Through these efforts a clearer picture is beginning to emerge of underlying causes of high readmission rates and the approaches to improving not only this metric but also measures such as mortality and quality of life that give a more holistic view of care. Nevertheless, further research is needed in several other areas. Firstly, we need an in-depth understanding of the specific interventions that high performing hospitals use to reduce readmissions and insights into organizational characteristics that may be the true drivers of success. Secondly, the causes of readmission—including the contributions of inadequate treatment, poor systems for handing over care between incoming and outgoing staff, socioeconomic factors, and progression of disease—need to be understood more fully.

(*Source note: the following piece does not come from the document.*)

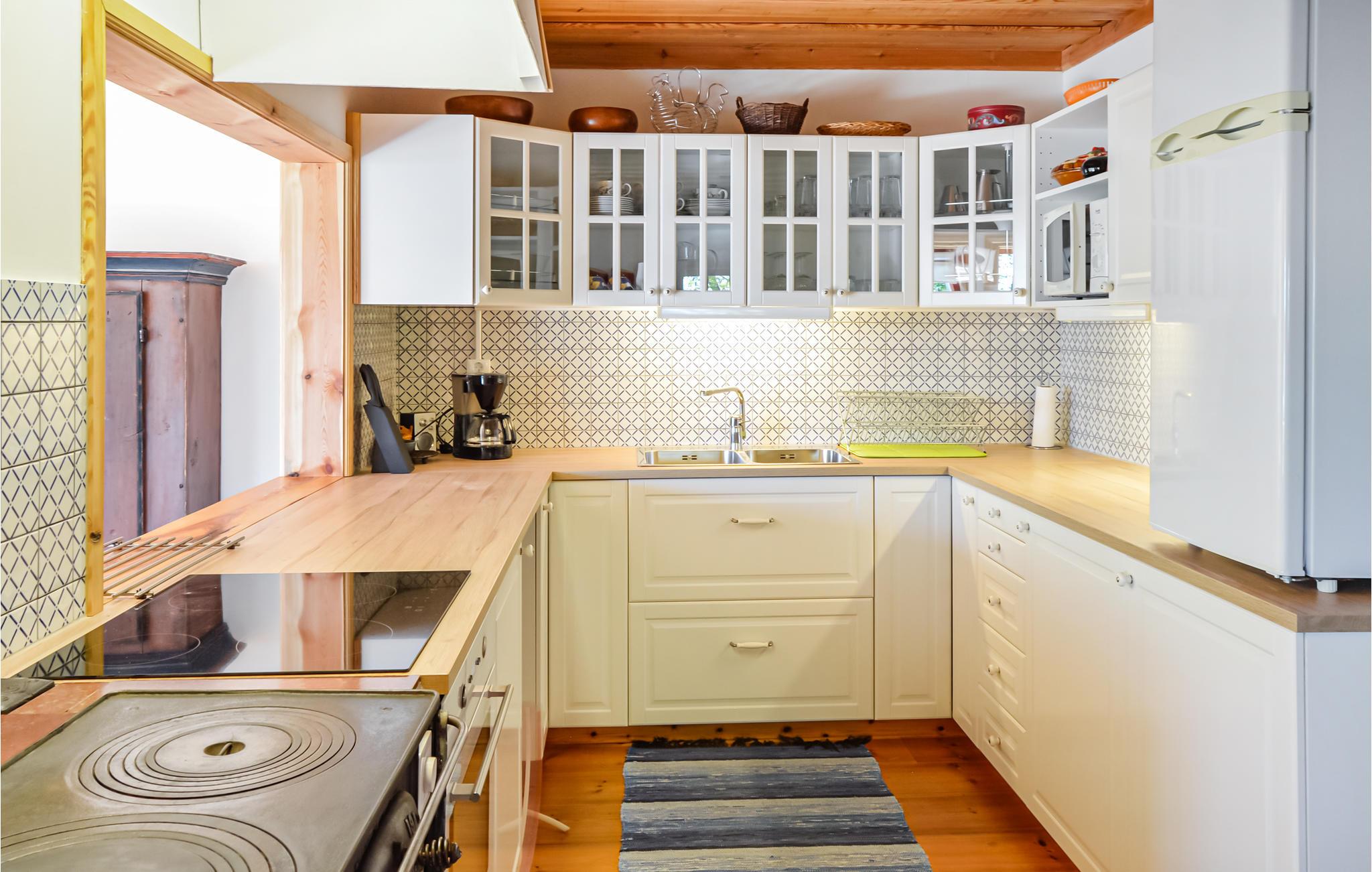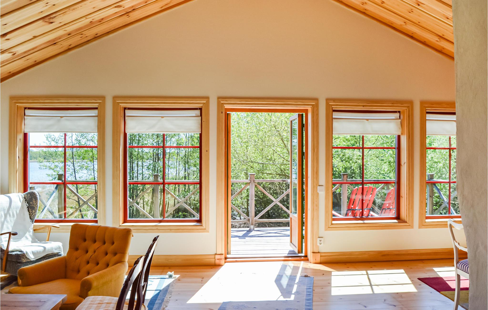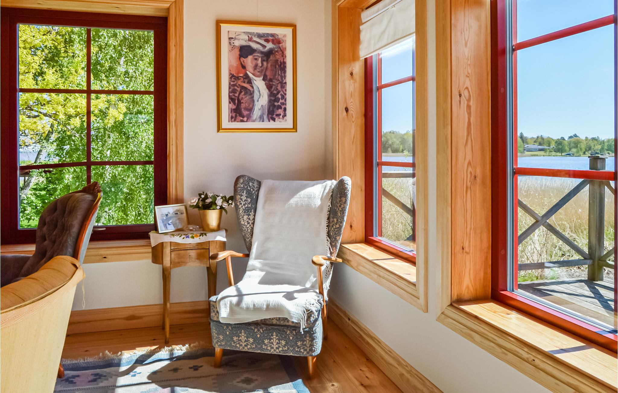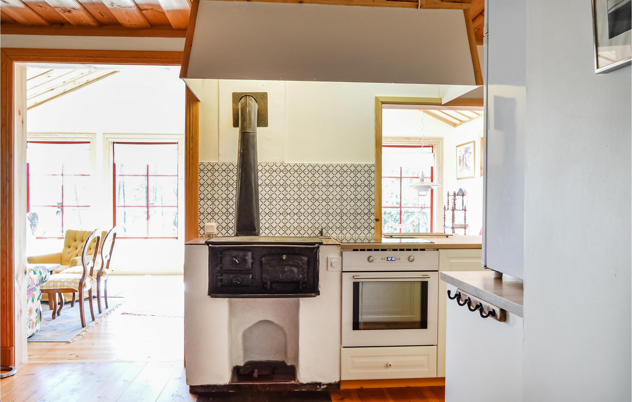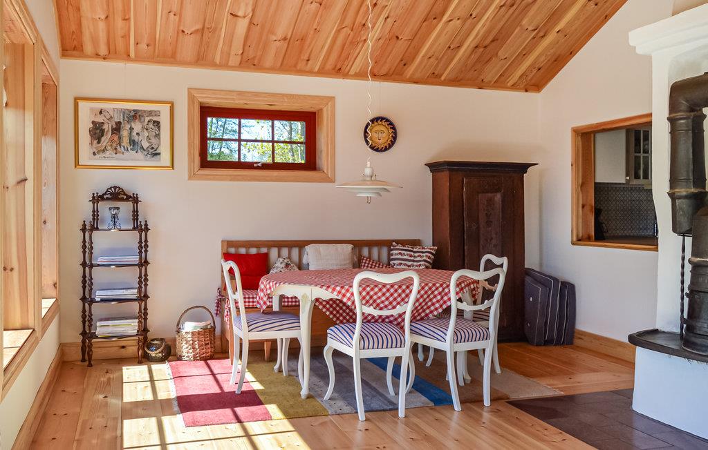 Gleich nebenan liegt das Naturschutzgebiet Askholmen mit Eichenhängen, Wiesen und Wanderwegen. Das Haus verfügt über alle Annehmlichkeiten und 6 Betten, von denen sich eines im Wohnzimmer befindet. Große Terrasse mit Blick auf das Wasser, Esszimmer mit Kamin für angenehme Abende und eine offene, moderne Küche mit Holzofen.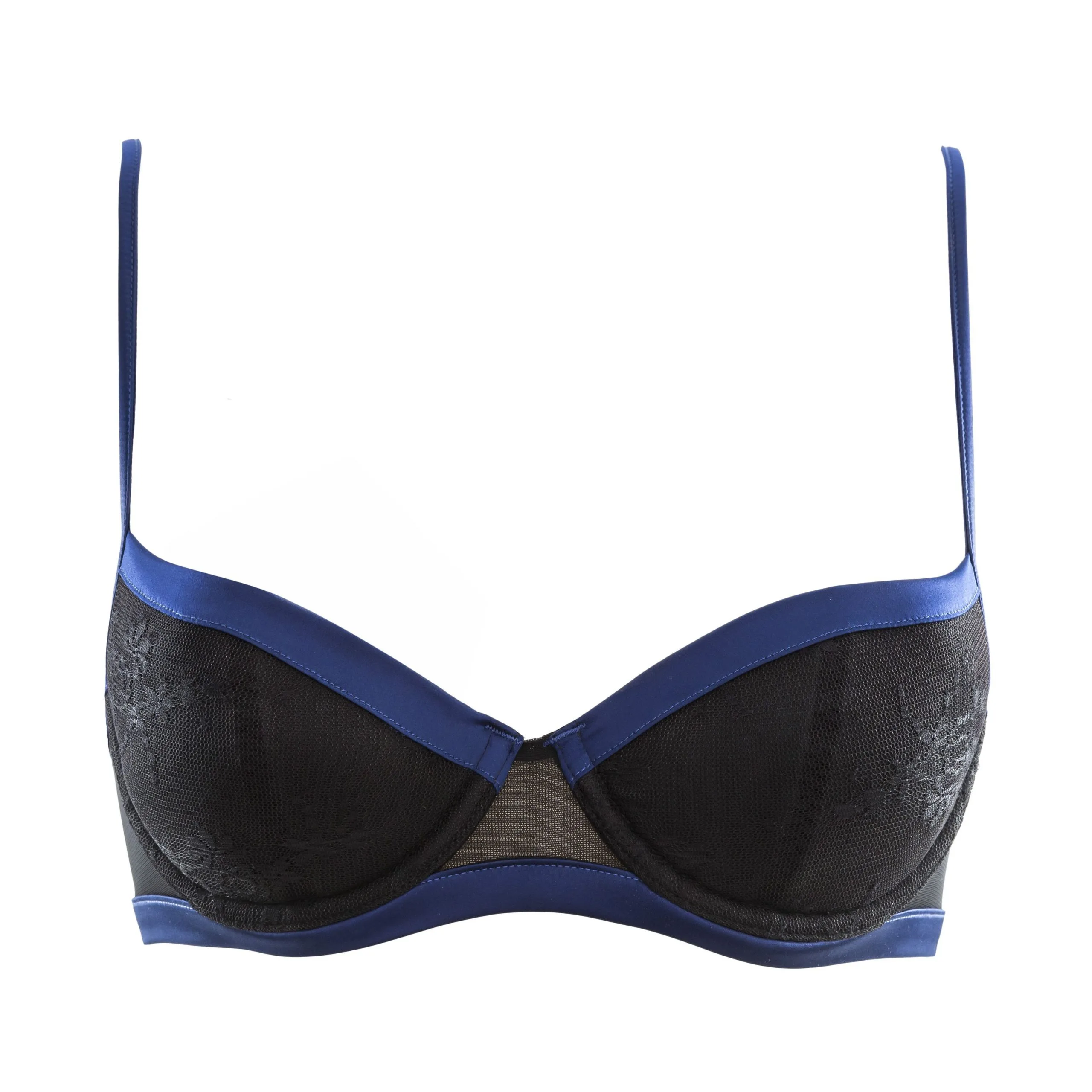 Contraste subtil entre le noir de la dentelle et du tulle et le bleu marine du satin mat pour cette collection tout en subtilité.

Thirdly, we also need a better understanding of the impact that various “actors”—including hospital physicians, outpatient providers, hospitals, payers, and the patients themselves—exert on readmissions. In addition, studies should determine the true value of the various risk prediction tools for reducing readmissions in a broad array of hospitals. What are the crucial elements in these tools, and how can we implement them more effectively?
Finally, the use of readmission rates as accountability measures for large numbers of hospitals raises further questions that deserve prompt attention. Are hospitals gaming the system by artificial maneuvers, such as placing patients in “observation status” to make the numbers look better? And the most fundamental question of all: what is the balance of benefits and harms associated with using readmission rates in incentive programs for providers? The proposed benefits of transparency may have unintended consequences, such as distracting providers from other quality improvement efforts and decreasing access to care for the sickest patients. The possible inverse relation between 30 day readmission and mortality rates for patients with heart failure has yet to be tested in the setting of the strong financial incentives now placed on all US hospitals.
Despite intense interest among health services researchers, our understanding of the causes of readmissions, effective interventions to avoid them, and the full impact of using readmission rates as measures in a hospital incentive program remains rudimentary. We need additional insights of the type provided by Dharmarajan and colleagues and Donze and colleagues to provide the right answers for our patients.
Cite this as: BMJ 2013;347:f7478
Competing interests: I have read and understood the BMJ Group policy on declaration of interests and declare the following interests: I sit on the American College of Cardiology (ACC) board of trustees with Harlan Krumholz, an author of the paper by Dharmarajan and colleagues. We are both lead authors on an ACC Health Policy Statement on clinical trial data transparency that is currently under development.
Provenance and peer review: Commissioned; not externally peer reviewed.